Хальфа до мельчайших подробностей знал всё, что происходит в ауле. С тех пор, как с войны стали приходить письма, работы ему прибавилось. Старики и старухи, чьи сыновья воевали в далёких краях, женщины-солдатки, истосковавшиеся по мужьям, невольно делились с ним мыслями и заботами. Иные звали его к себе домой, чтобы прочитал или написал письмо, и, если уж вовсе нечем было угостить, радушно приглашали к самовару выпить хоть чашку чаю. Хальфа отказаться от угощения не мог и испытывал неловкость, но в то же время чувствовал удовлетворение оттого, что помогает людям.
Те, кто был не в состоянии предложить даже чай, сами приходили к Мухарряму на квартиру. Их просьбы хальфа выполнял тоже самым добросовестным образом, писал под диктовку, не упуская ни слова, хотя некоторые новости в письмах многократно повторялись. Так, не было ни одного письма, в котором не упоминалось бы о пожаре на подворье Ахмади-ловушки.

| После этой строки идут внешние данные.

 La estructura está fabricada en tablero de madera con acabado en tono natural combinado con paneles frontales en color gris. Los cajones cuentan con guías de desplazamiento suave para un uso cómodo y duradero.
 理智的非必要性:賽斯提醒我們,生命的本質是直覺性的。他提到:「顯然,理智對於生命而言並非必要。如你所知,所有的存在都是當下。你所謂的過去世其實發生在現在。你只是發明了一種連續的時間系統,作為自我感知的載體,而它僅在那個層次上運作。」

Вслед за Гульсирей побывал у хальфы старик Адгам, чтобы ответить на письмо Сунагата. Попросил:
— Напиши, что плох я стал, совсем состарился. Болит поясница, еле хожу. Пускай сообщит нам ясно, когда приедет. Коль доведётся свидеться, встречу смертный час без сожалений…

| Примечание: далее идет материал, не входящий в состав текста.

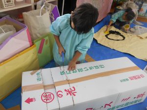 今年度最後の絵画製作でした。すみれ組にとっては幼稚園最後の絵画製作でした。みんな、おもいっきり楽しめたかな? すみれ組             ばら組                    さくら組       2学期最後の給食でした。 みんなでリズム室で食べました。
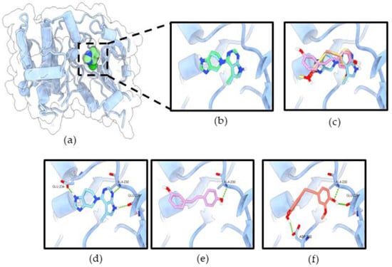 In the ATP-binding site of Akt-1, the binding affinity for resveratrol and RD2 were −8.054 and −8.041 kcal/mol, respectively (Table 1). The binding modes of all ligands revealed that they occupied the same binding site of the co-crystal ligand inhibitor (Figure 10c). The results reveal that all ligands formed a hydrogen bond with key residue Ala230, which is a similar binding pattern to the reference compound (Figure 10d–f). Resveratrol formed only one hydrogen bond interaction with Ala230 in the hinge region of the ATP-binding site. Moreover, previous studies have reported that resveratrol has inhibited Akt activity via interaction with the ATP-binding site of Akt-1 [11,17]. RD2 formed three hydrogen bonds with Glu228, Ala230 in the hinge region, and Asp292 in the DFG motif.
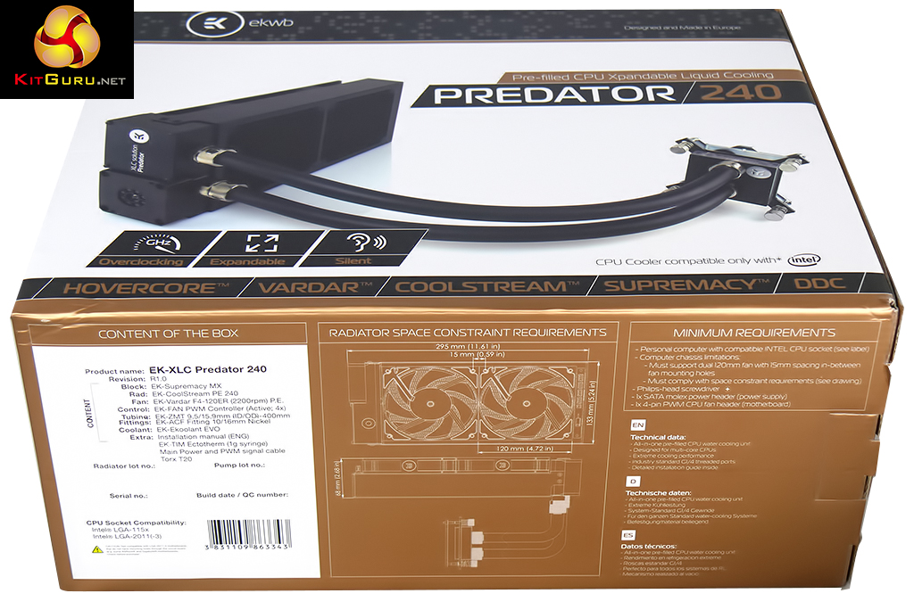 When you look at the EK Predator 240 you will see a beefy 38mm thick copper radiator, a pair of Vardar fans, the large diameter flexible tubing and that lovely translucent CPU water block. Predator is visually impressive but what EKWB is really selling here is convenience as the system arrives fully assembled and also offers you the ability to upgrade your cooling system in the future.
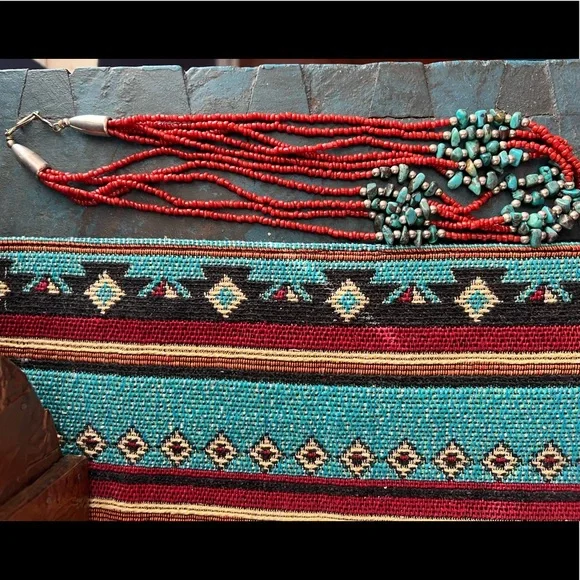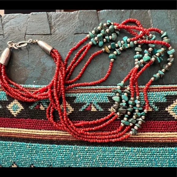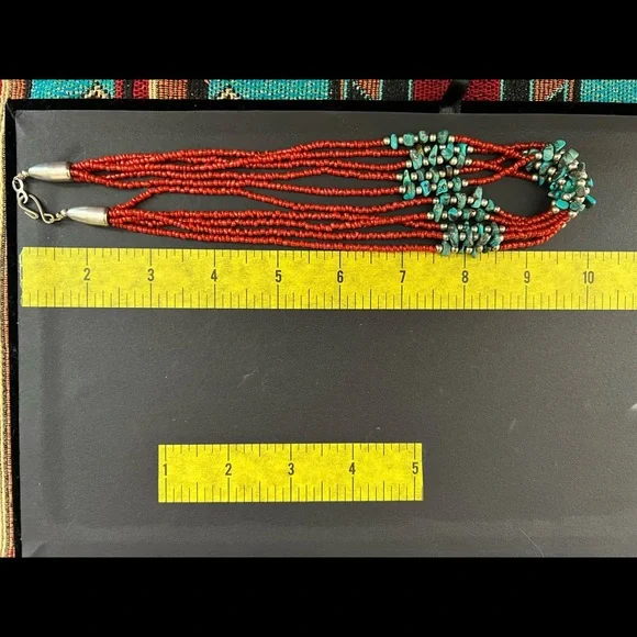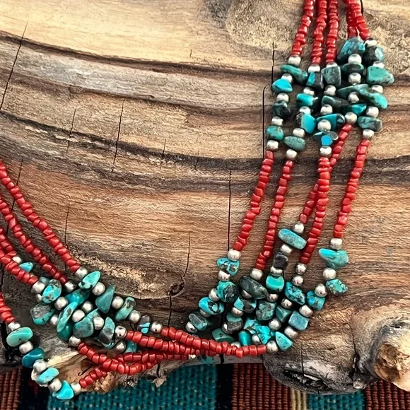 Vintage Native American red coral necklace with turquoise stones and silver beads. This is a handcrafted, five strand necklace with a hook clasp. The necklace is approximately...

Не прошло и недели после отправки этого письма, как в аул заявился сам Сунагат. Оказывается, лежал он в госпитале в Самаре и до возвращения на фронт отпустили его долечиваться в родные края.

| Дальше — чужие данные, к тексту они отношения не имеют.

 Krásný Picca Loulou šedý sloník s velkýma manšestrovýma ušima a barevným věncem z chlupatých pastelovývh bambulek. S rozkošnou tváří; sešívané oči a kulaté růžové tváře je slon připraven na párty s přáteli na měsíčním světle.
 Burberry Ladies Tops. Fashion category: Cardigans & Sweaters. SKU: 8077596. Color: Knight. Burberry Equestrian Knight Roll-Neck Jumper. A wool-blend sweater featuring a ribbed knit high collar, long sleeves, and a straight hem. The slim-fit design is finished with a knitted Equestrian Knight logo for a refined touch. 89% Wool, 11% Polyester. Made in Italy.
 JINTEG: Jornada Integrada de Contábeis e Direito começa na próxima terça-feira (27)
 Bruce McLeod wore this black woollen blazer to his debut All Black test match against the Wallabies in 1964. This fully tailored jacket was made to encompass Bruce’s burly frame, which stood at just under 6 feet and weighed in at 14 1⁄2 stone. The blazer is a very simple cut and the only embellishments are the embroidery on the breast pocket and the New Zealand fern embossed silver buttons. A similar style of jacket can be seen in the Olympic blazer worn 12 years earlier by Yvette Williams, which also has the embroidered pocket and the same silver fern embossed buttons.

Остановился Сунагат, как обычно, в доме тётки. Салиха на радостях изо всех сил старалась угодить племяннику, приготовила, в меру своих возможностей, угощение. В дом посмотреть на солдата набежала детвора. Шли и шли старики, старухи, солдатки, у всех один вопрос: не встречался ли Сунагат на войне с их близкими? Даже Факиха пришла, порасспрашивала, не доводилось ли ему видеть её сына Магафура или зятя Кутлугильде.
— Нет, не доводилось, — отвечал Сунагат и терпеливо объяснял, что война раскидала всех, что давно уж он расстался с теми, с кем уходил на фронт.
— Ладно, будут живы — вернутся, — утешила сама себя Факиха. — Вот ты ж вернулся. Знать, оставалась тут вода, которую ты должен допить. А я всё ж надеялась — может, ты встречал их. Выходит, не встречал. Что ж, лишь бы живы были…
Сунагата очень удивил её приход, но удивления он ничем не выдал.
Только было собрался Сунагат идти к дяде своему, Адгаму, — тот опередил, пришёл сам и пригласил к себе на чай. Были приглашены в гости также Ахтари-хорунжий — брат Адгамова отца, и Хусаин с Ахсаном, то есть все Аккуловы. Дед Ахтари теперь плохо слышал и почти не видел, старость согнула его в дугу. Хусаин привёл старца под руку. Адгам пригласил и женщин — Салиху и вдову Вагапа. Хойембикэ притащила своего младенца. Таким образом, за самоваром собрались потомки Аккула от самого старшего из них до самого младшего.
— Тебя, Сунагатулла, насовсем отпустили или как? — спросил хозяин дома, чтобы завязать разговор о том, как обстоят дела на фронте.
— Нет, не насовсем, только на две недели отпросился. Решил вот повидать вас.
— Хорошо, очень хорошо! Родных забывать не следует. Дай тебе аллах и впредь оставаться живым-здоровым и вернуться к тем, кто ждёт тебя.
Задребезжал голос деда Ахтари:
— И кто ж там у вас берёт верх — германец иль вы?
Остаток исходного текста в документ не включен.